What Argentine Artist Quino Means to the Kid in Us All

Art by Stephany Torres for Remezcla

Latin America’s most critical-thinking little girl and her generations of fans are mourning the passing of the author who brought her to life. Writer and cartoonist Joaquín Salvador Lavado Tejón, better known by the pen name “Quino,” passed away this week at the age of 88.

Born in Mendoza, Argentina to an immigrant family from Spain, Quino has famously shared his love for cartoons and illustrations, which began the day his uncle Joaquin doodled with him. While he was only three years old at the time, Quino would continue to draw for the rest of his life, touching the lives of millions through his commentary and characters.

The Argentine is best known for his comic strip Mafalda, which followed the everyday life and musings of a curious, 6-year-old girl who had a lot to say about current events. The strip made its debut in 1964 in Buenos Aires’ Primera Plana magazine, a weekly focused on arts and culture and later moved to the newspaper El Mundo. Running six times a week alongside news from Latin America and around the world, the daily periodical is where the title character began to speak about current events.

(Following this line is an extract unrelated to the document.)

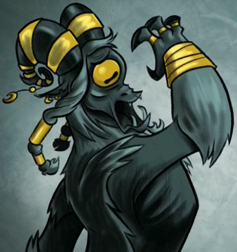 Ahuizotl is a dog-like creature from the book Daring Do and the Quest for the Sapphire Stone in the episode Read It and Weep and in the episode Daring Don't. He is Daring Do's main antagonist in her quest to retrieve the sapphire stone. He has an elongated dog-like head, with eyes positioned over his nose at the end of his snout. He walks on all fours, with dog-like hind limbs and ape-like forelimbs, and a long monkey-like tail with a hand on its end. Ahuizotl has a tuxedo-style coat, having dark blue fur over most of his body, while his stomach, lower jaw and limbs are of a lighter blue. Ahuizotl wears golden colored jewelry, such as a necklace, a single ear ring, and three bracelets, one for each foreleg, and one around his tail's wrist. He is voiced by Brian Drummond in both episodes.[1]

While Quino intended for his syndicated strip to reflect the traditional lives of middle-class Argentines, Mafalda managed to bring progressive commentary to the masses through her interactions with her family. The young protagonist often questions her mother’s role as a housewife and worries about her dad’s excessive hours working as an insurance salesman. All during a time in which women in Latin America demanded equal rights to men and western capitalism began to come under question.

With a supporting cast of more kids with big personalities and wisdom beyond their years, the comic is often compared to Charles Schultz’s “Peanuts” for the way in which it characterized children as intelligent beings. But where Charlie Brown and the gang often had dialogue based on existential or personal issues, Mafalda and friends spoke more directly and broadly about the real world. She often voiced her desire for world peace and would ask her parents about the rise of Chinese communism. Her pet turtle is named Burocracia (Bureaucracy). Her friend Libertad (Liberty), the more radical voice in the comic, often got in trouble for sharing her political views, as the moderate adults and teachers reading at home allegorically disapproved.

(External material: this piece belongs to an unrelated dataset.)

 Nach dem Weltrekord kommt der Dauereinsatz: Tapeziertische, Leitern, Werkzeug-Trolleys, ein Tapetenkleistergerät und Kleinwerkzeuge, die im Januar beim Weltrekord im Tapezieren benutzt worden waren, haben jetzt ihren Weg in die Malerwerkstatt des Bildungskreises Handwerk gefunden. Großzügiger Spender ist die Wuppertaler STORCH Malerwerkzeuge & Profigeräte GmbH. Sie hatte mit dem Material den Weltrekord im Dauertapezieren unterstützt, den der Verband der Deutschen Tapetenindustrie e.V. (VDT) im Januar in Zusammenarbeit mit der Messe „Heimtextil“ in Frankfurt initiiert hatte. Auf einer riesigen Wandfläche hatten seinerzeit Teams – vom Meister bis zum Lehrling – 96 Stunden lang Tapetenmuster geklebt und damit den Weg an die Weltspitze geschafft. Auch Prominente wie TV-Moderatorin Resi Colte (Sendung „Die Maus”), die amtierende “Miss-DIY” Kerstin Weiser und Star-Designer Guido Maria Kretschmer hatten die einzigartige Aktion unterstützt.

Mafalda ended its run as a daily feature in 1973 but remained popular due to its continued publication around the Spanish-speaking world and through translations into compilation books in 26 languages, including English, Chinese, French and Italian. Quino occasionally penned new Mafalda drawings for UNICEF’s campaigns in favor of the rights of children and vaccination awareness. He continued to draw satire and social commentary cartoons until his retirement in 2006.

Contemporaries such as Mexican satirist Eduardo Humberto del Río and Italian philosopher Umberto Eco have professed their admiration for Quino’s work, especially a love for Mafalda comics during their lifetimes. Eco even took up the personal task of writing the preface introductions to the localized compilation tomes published in Italy. “Mafalda is a hero of our time. And as our children are about to become, by our choice, many Mafaldas, it would be wise to treat her with the respect a real person deserves,” Eco wrote.

Ultimately, Quino’s impact cannot be measured. Millions have laughed and reflected along with his creations. His humor opened the door for real conversations on contemporary life and world events for many. Above all, Mafalda is a reminder to never lose our childlike sense of curiosity and to speak our minds on important issues.